While measles may seem like a thing of the past, we have seen cases of measles increase recently. More parents are deciding to skip or delay their children’s vaccinations, and as a result, measles is starting to come back. It continues to be a significant threat to public health, especially in areas with low vaccination rates. There are many reasons for measles comeback, including vaccine hesitancy, lack of access to immunization, and global travel, which helps the spread of the virus across borders. Outbreaks of measles can lead to serious complications, such as pneumonia, encephalitis (inflammation of the brain), and death, particularly among young children and people with compromised immune systems. 

How Do I Prevent Measles? 

The most effective way to prevent measles and its complications is by getting the measles vaccine. The measles vaccine, typically administered as part of the measles, mumps, and rubella (MMR) vaccine, provides immunity against the virus. It’s important for individuals to receive two doses of the vaccine to make sure you have maximum protection and contribute to herd immunity, which helps protect those who cannot be vaccinated. 

Is the Measles Vaccine Safe? 

The Measles, Mumps, Rubella (MMR) vaccine is very safe, and it is effective at preventing measles, mumps, and rubella. Vaccines, like any medicine, can have side effects. Most people who get MMR vaccine do not have any serious problems with it. Getting MMR vaccine is much safer than getting measles, mumps, or rubella. 
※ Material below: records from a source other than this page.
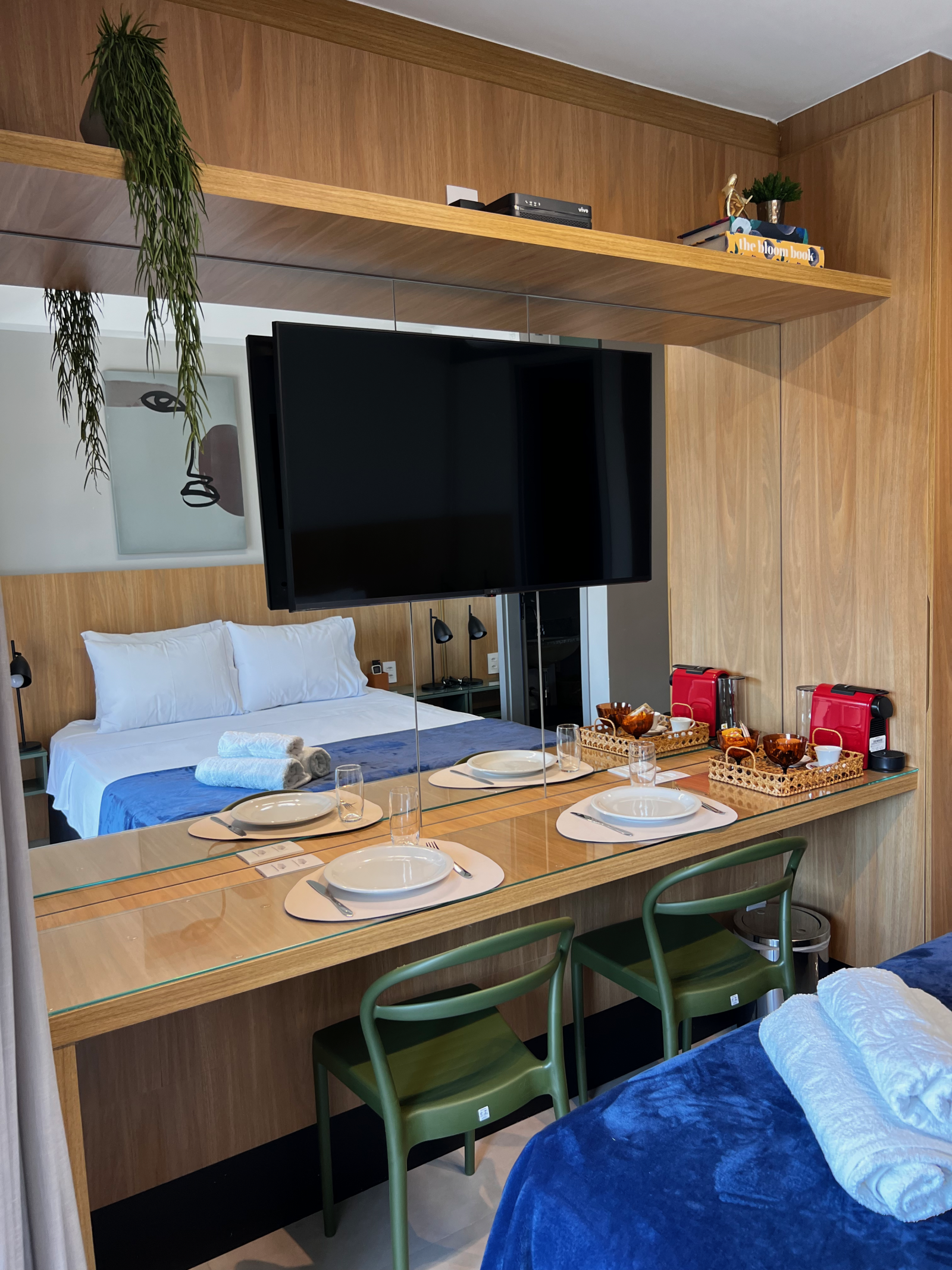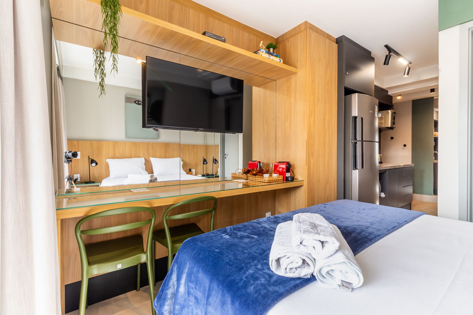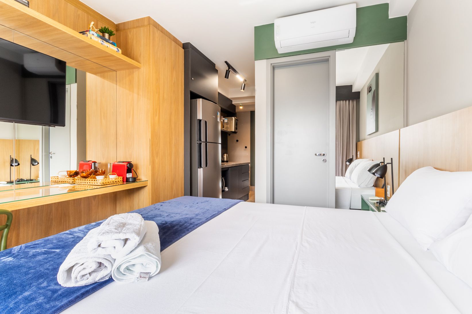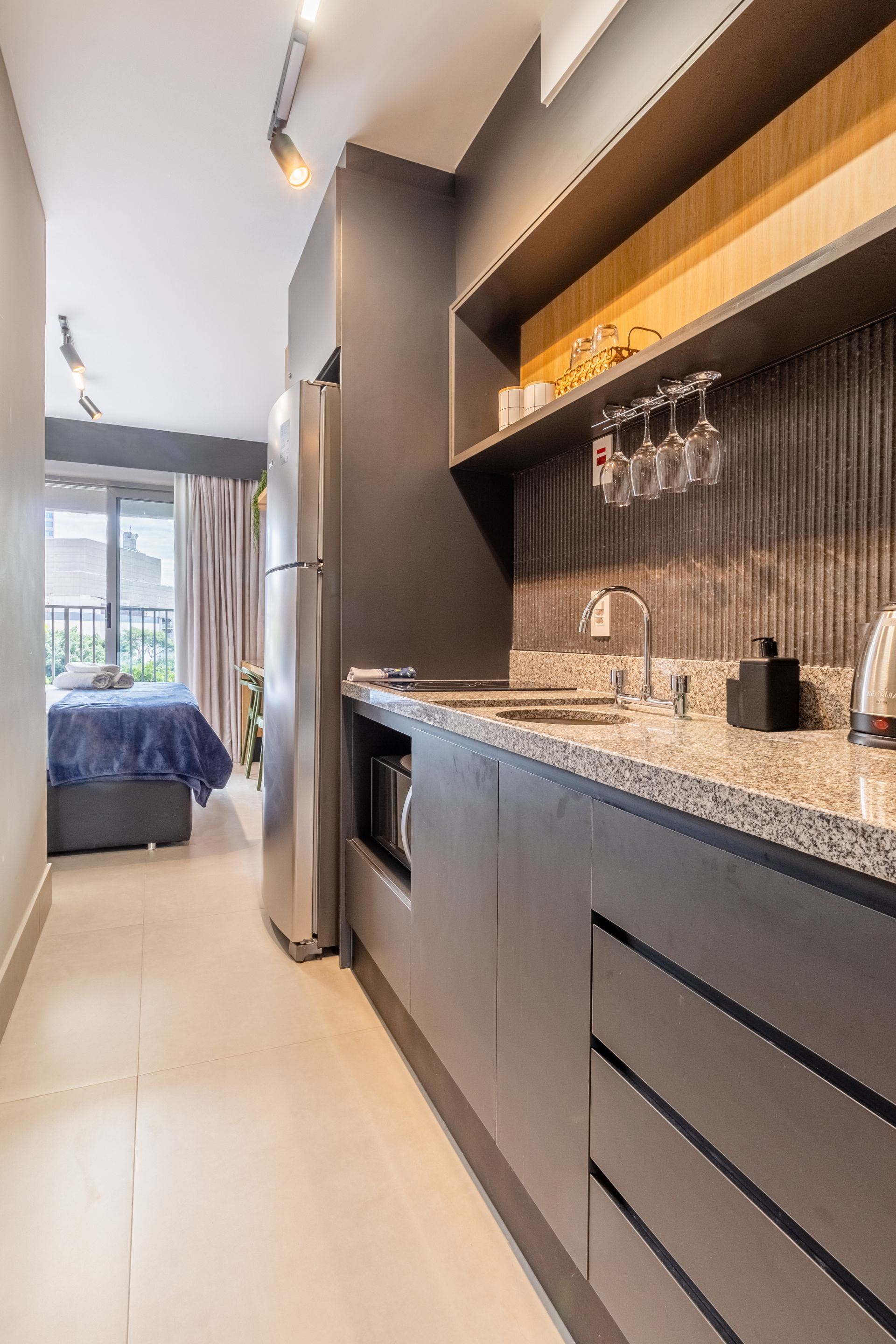 Apresentamos a você um incrível studio mobiliado com 26m² que oferece todo o conforto e praticidade que você necessita. Este espaço foi pensado para otimizar seu dia a dia, proporcionando um ambiente compacto e funcional sem abrir mão do estilo e conforto. Ao adentrar este refúgio, você é recebido por uma varanda convidativa, perfeita para momentos de relaxamento e para aproveitar aquele café da manhã especial. Todo o ambiente é climatizado com ar condicionado, garantindo o seu bem-estar em todas as estações do ano. A integração dos móveis proporciona um ambiente harmônico, com armários na cozinha e no banheiro que oferecem um design sofisticado e otimização de espaço. Imagine se mudar sem nenhuma preocupação, pois tudo já está pronto para você morar, assegurando uma transição suave e prática. Com seu layout cuidadosamente planejado, este studio é um verdadeiro convite ao bem-viver. Descubra agora mesmo o seu novo lar e viva a experiência de morar em um espaço que é a extensão do seu estilo e das suas necessidades. Esta é a oportunidade que você estava esperando! Entre em contato e venha visitar. 🏡✨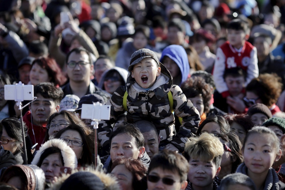 Bé trai được bế lên vai để theo dõi màn biểu diễn tái hiện lễ hội thời nhà Thanh, một trong nhiều hoạt động ở miếu hội du xuân Tết âm lịch 2016. Nhiều hoạt động và lễ hội mùa xuân ở Trung Quốc sẽ được tổ chức cho đến Tết Nguyên tiêu, tức 15/1 âm lịch. Ảnh: Reuters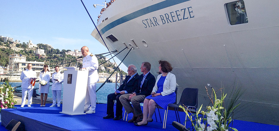 Star Breeze was christened after undergoing a US$8.5 million, three-week renovation in Genoa, Italy.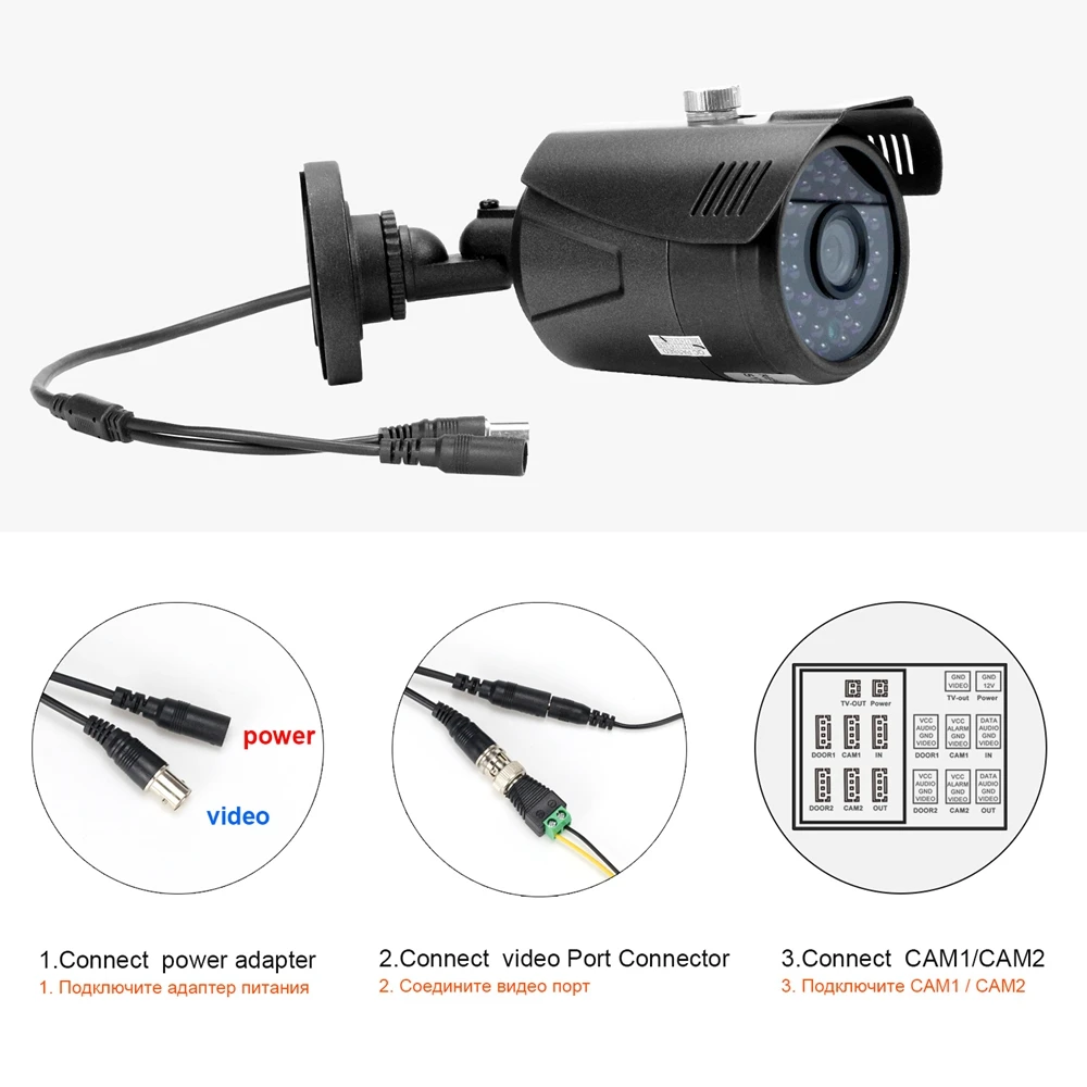 Датчик камеры: 1/3 CMOS , 1200 TVL Угол обзора камеры: 130 ° Ночное видение: инфракрасное ночное видение Характеристики: непромокаемые, пылезащитные и антивандальные Источник питания: поставляется с внутреннего монитора Материал: алюминиевый сплав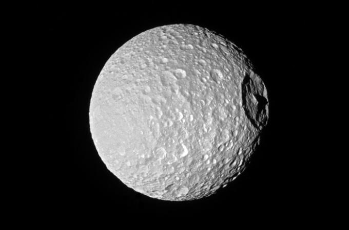 Saturnův měsíc Mimas: Ohromující hora uprostřed kráteru Hvězdy smrti

How do I access the vaccine? 

The Detroit Health Department offers vaccinations for measles and all childhood vaccination series, plus COVID-19, flu, and RSV at its Immunizations Clinic at 100 Mack Avenue. The hours are Monday – Friday from 8:00 a.m. – 4:30 p.m. Late hours are available on the first and third Thursday of each month, from 10:00 a.m. – 6:30 p.m.  

Your doctor or healthcare provider can also offer advice and information about measles, including vaccination recommendations based on your circumstances. 

Further details are available on the Detroit Health Department’s website  or call 313-876-IMMS (4667). 

Where can I get more information? 

The Ceneters for Disease Control and Prevention (CDC) provides information on measles, including symptoms, prevention (including vaccination), outbreaks, and more. 

Educating communities about the importance of vaccination, dispelling myths surrounding vaccines, and fostering trust in immunization programs are vital steps in safeguarding public health and preventing future outbreaks. Addressing vaccine hesitancy and misinformation is also important in combating the resurgence of measles. 

As we navigate the complexities of the modern world, understanding and addressing the challenges posed by infectious diseases like measles are essential. By prioritizing vaccination and advocating for public health policies, we can work together to reduce the impact of measles and protect the health and well-being of our communities.